Contudo, verdade seja dita: nestes últimos 4 anos, não há praticamente nada que não tenha sido dito sobre o governo,
líderes partidários e políticos da maioria em geral. Tudo foi dito em liberdade, pois em momento algum se noticiou ou ouviu dizer que tenha existido condicionamento da informação.
O ar está respirável, o corpo tem poros para destilar. Que o digam Ascenso Simões que acusa a RTP de fazer
opções partidárias por causa do “Prós e Contras” da passada segunda-feira. Ou João Galamba, candidato-fantasma aqui
por Coimbra, que, pelos mesmos motivos, reclama pela demissão do director de informação da RTP, Paulo Dentinho. O
mesmo se diga de José Lello, Isabel Moreira ou Edite Estrela, entre outros. Todos falam em liberdade, mas parece ser-lhes difícil coexistir com a liberdade dos outros, desde logo com a liberdade de imprensa.
Sucede que nenhum deles chegou à política ontem. Pelo que nenhum deles pode dizer que não se lembra do que aconteceu no tempo de Sócrates. Quem tem memória, sabe bem que no caso de censura do Jornal de 6ª, da TVI, a ERC deu por demonstrado que, na decisão de suspender esse Jornal, a Administração da TVI foi significativamente influenciada pelos Administradores da Media Capital, especialmente os que aí representavam o grupo Prisa. E, se calhar, também se deviam recordar de António José Saraiva ter dito que, nas vésperas de o semanário Sol divulgar uma reportagem do caso Freeport, ter havido um telefonema a avisar que, se a referida reportagem não fosse publicada, teria os seus problemas financeiros com o BCP resolvidos. Caso a
reportagem fosse dada à estampa, então o semanário não sobreviveria. Onde estava António Costa, aquele que não
chegou à política ontem e que foi o n.º 2 de Sócrates no XVII Governo Constitucional?
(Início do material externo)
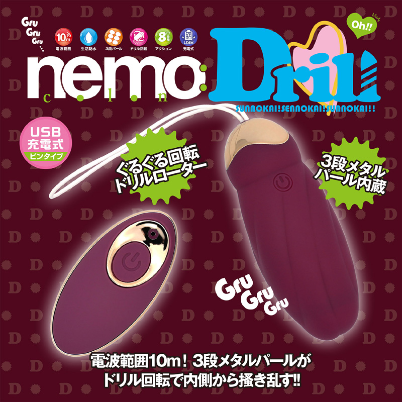 リトリスをやさしく削られるような未体験の刺激が気持ちいい。 ドリル内蔵・リモコンローター「nemo:ドリル」が登場です。 高速ドリル回転するローターヘッドを やわらかいソフトシリコンの外皮で包みました。 クリトリスを「こすりあげ」、チクビを「こすりあげ」、中から子宮口を「こすりあげ」。 「高速回転」と「激しい振動」が、アナタの「敏感な部分」を集中的に「こすりあげ」ます。 ・ドリル回転するのは複数配置された、ゴロゴロとした「大粒の3段パール」。 やさしいソフトシリコンの外皮の中で、アナタを激しく摩擦します。 ・ドリルパターンは理性を崩壊させる8種類。 やさしい刺激から激しい刺激、意外性でツボを攻める変則パターンまで、自由に選択してください。 ・10メートルの距離を埋めるリモコン操作。ワンボタンでさらに簡単。 ソーシャルディスタンスを守って「いちゃいちゃ」できるリモコンローターです。 ・ローター本体だけの単独利用でも、すべての機能が利用できます。 彼氏といっしょに使う時はリモコンで。ひとりで気持ちよくなりたいときは本体単独で楽しんでください。 ・生活防水対応 びしょびしょに汚しても問題なし。水洗いで簡単にキレイにできますよ。 ・お手軽なUSB充電方式を採用 コンパクトなサイズですが充電式です。充電には、付属のUSB充電ケーブルをご利用ください。 満充電で最大80分作動可能 ローターサイズ:8.7cm×3.5cm 重量:57グラム@
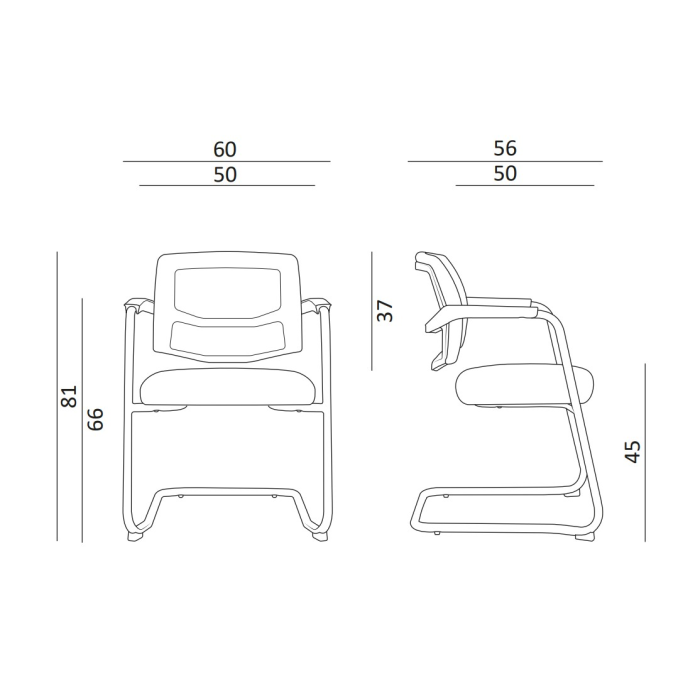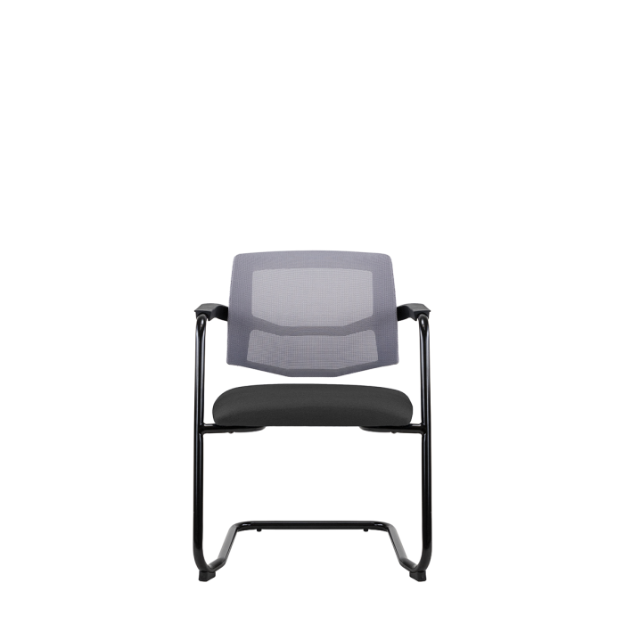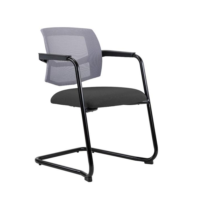 Moderná konferenčná stolička s lyžinovou podnožou, čalúneným sedákom

E que dizia ele em 2011, quando o défice acumulado no SNS era de 770 milhões de euros, o défice da conta do SNS cifrava-se em 563 milhões de euros, o prejuízo dos hospitais EPE era de 207 milhões de euros, a dívida acumulada total do SNS era de 3.249 milhões de euros, sendo que só de dívida vencida eram 2.418 milhões de euros, dos quais 1.831 milhões de euros de pagamentos em atraso? António Costa, que não chegou ontem à política, segundo o próprio diz, vai refugiar-se no seu papel de autarca e o candidato António Costa vai provavelmente lembrar-nos que o seu mandatário nacional é o pai do SNS. Esquece-se sempre é de dizer que foi este governo que evitou o colapso do SNS, iminente em 2011, e foi esta maioria que se quer renovada que permitiu que todos nós pudéssemos, no dia de ontem, celebrar o 36.º aniversário do nosso (e não de alguns) SNS.